I can think of one exception to that rule. The exception is that 195 countries, many of which are at war with each other, and each of which is relying on its own national science hierarchy, have unanimously agreed in Paris at COP21 that burning fossil fuels causes climate change, climate change poses a dire threat to civilization, and we must work together to stop burning fossil fuels. Imagine just how ironclad the scientific evidence would need to be to get every industrial country on earth to agree to such a radical change! Then be dumbfounded, along with me, at the combination of arrogance and ignorance necessary to believe that one has some secret source of scientific certainty proving all those scientists wrong.

There are downsides to using our land for solar farms, and downsides to wind farms on land or sea, but the problem remains: How do we stop burning fossil fuel? Do people prefer nuclear power? Should we pretend the problem will go away, and passively submit to global catastrophe?
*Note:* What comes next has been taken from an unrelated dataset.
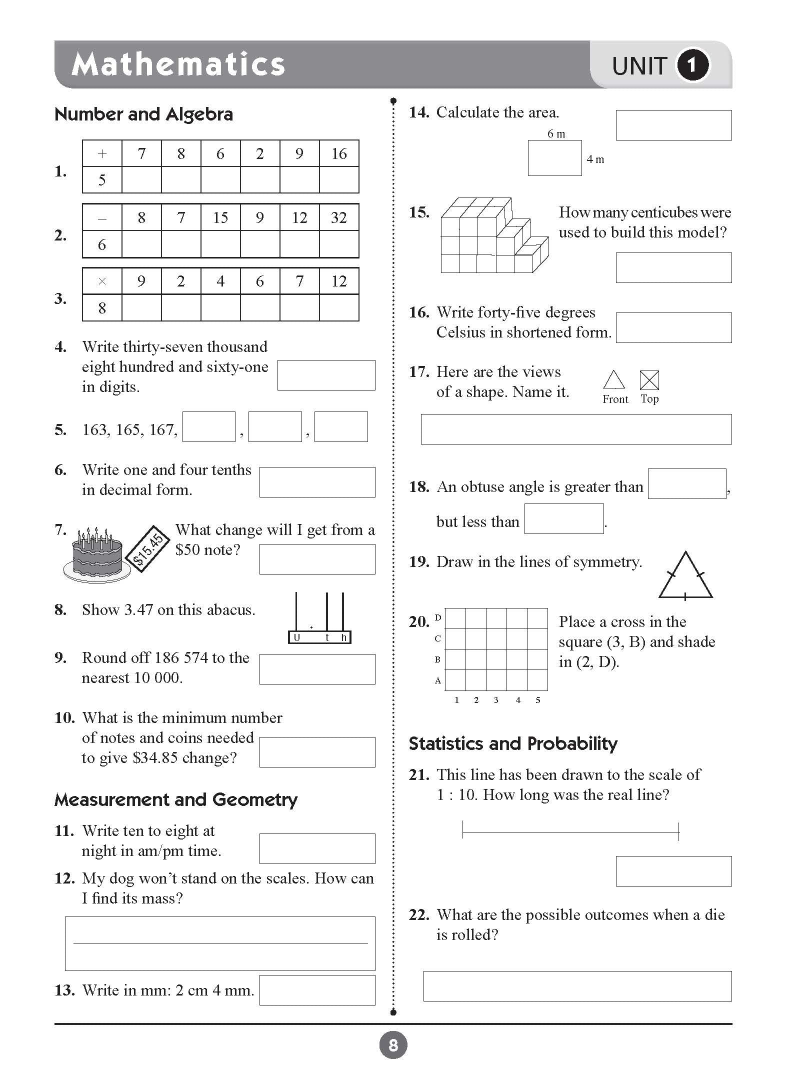 This is easy to use. Broken into six test papers in the different subject fields. Great opportunity for younger students to experience NAPLAN style questioning. Answers are provided and explanations to help improve understanding for future improvement.
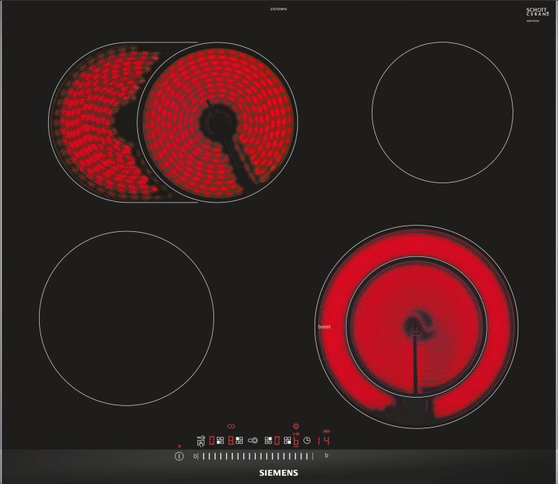 Výkon a počet varných zón 4 varné zóny highSpeed , z toho: 1 dvouokruhová zóna 1 1 varná zóna s rozšířením na pečicí zónu senzorové tlačítko 17 stupňů výkonu

This is not a problem that can be solved down the road. Scientists have warned that we are approaching tipping points beyond which it becomes a runaway. The transition will take 30 years, and we must start now. Proverb: “A society grows great when old men plant trees whose shade they know they shall never sit in.”

I hope we will face the fact that there are no perfect solutions. If we don’t begin the transition to non-carbon energy now, we will be remembered by history as the generation that understood the problem, but sacrificed the future of its children by refusing to act because of short-sighted, self-serving objections. And this proposed wind farm, which would supply more electricity than is used by all of East Hampton Town, is a giant first step!